In any case, health itself cannot be delivered as a right universal to human beings nor within some smaller but still large and naturally formed community. Some people have dire medical conditions for which there is no effective treatment, so there is no right to health itself. One might acknowledge that indeed there is no right to health yet assert that there were still a right to medical care; but others have conditions that could be corrected only by diverting resources that would otherwise be used to provide medical treatment to different people; and it is incoherent to speak of rights as things that may be in conflict — indeed, the point of insisting that health or medical care were a right (as opposed to a lesser desideratum) is to make an over-riding claim. One might finally punt to an assertion that everyone simply had a right to medical care regardless of need; but, thus unlinked, there is no more reason to suppose an entitlement to some allotment of adhesive bandages and of aspirin tablets than to suppose an entitlement to an allotment of bubble gum.

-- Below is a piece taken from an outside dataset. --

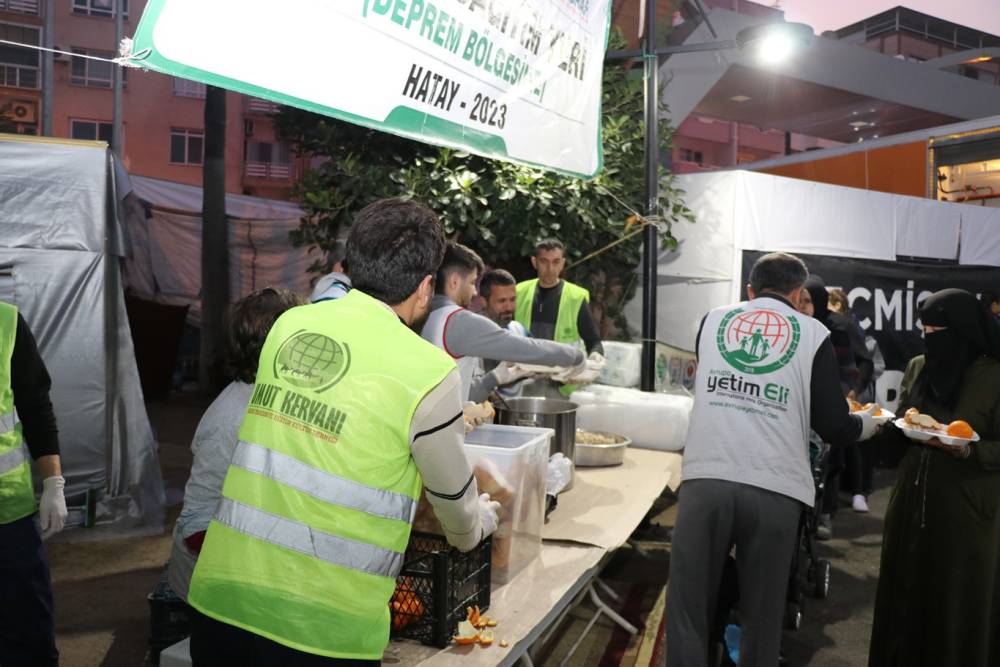 Hatay'da depremin ilk gününden itibaren yardım faaliyetlerini sürdüren Umut Kervanı Vakfı, Yetimler Vakfı, Avrupa Yetim Eli ve IHO-EBRAR, günlük 5-6 bin kişiye üç öğün sıcak yemek ikramında bulunuyor.

The actual provision of medical goods and services under socialized medicine cannot be about rights, and so it isn't about rights; it is instead a matter of politicized collectivist calculations. Essentially, popular opinion is motivated by a naïve and incoherent utilitarianism — trying somehow to maximize an implicitly quantified sum of human well-being (with perhaps odd lexicographical properties), but making exceptions here and there driven by pity or by respect for some people and enabled by blindness to the costs to others; and officials of various sorts try to keep some share of the public happy but more generally pursue their own interests. Those who are not served under the programme or who find their access to medical care reduced or even effectively ended by socialism are waved-away as unfortunate victims of practical limitations, previous talk of rights not-withstanding.

I'm not at all a fan of collectivist calculations; typically they assume quantifications that don't hold, and otherwise they seem arbitrary in what they seek to maximize. But, if those calculations truly made sense, then one would want to consider the long run, to include the well-being of people in the future in one's aggregation; and thereïn lies the rub. Unless one assumes that humankind is fairly soon to come to an end, there are more people yet to be born than are alive to-day. If there truly were a collective aggregate to maximize, then anything done to-day that impaired economic development in the future would be counter-indicated. If people in the future were generally wealthier, then they would enjoy better medical care and almost surely better health. If we allow for considerations beyond the medical, the case for economic development is greater still. And, because it cannot allocate resources with economic efficiency, socialized medicine is ultimately a drag on economic development and thus on medical progress.

Socialized medicine doesn't deliver a basic right; it doesn't deliver a derived right; in the long run, it means that more people suffer (though suffering itself has no aggregate across persons) and that at any given age a greater share of people die. Refusing to face these points doesn't make one a nicer person; accepting the truth doesn't make one uncaring. Forcing the innocent to swallow bad medicine is not kindness.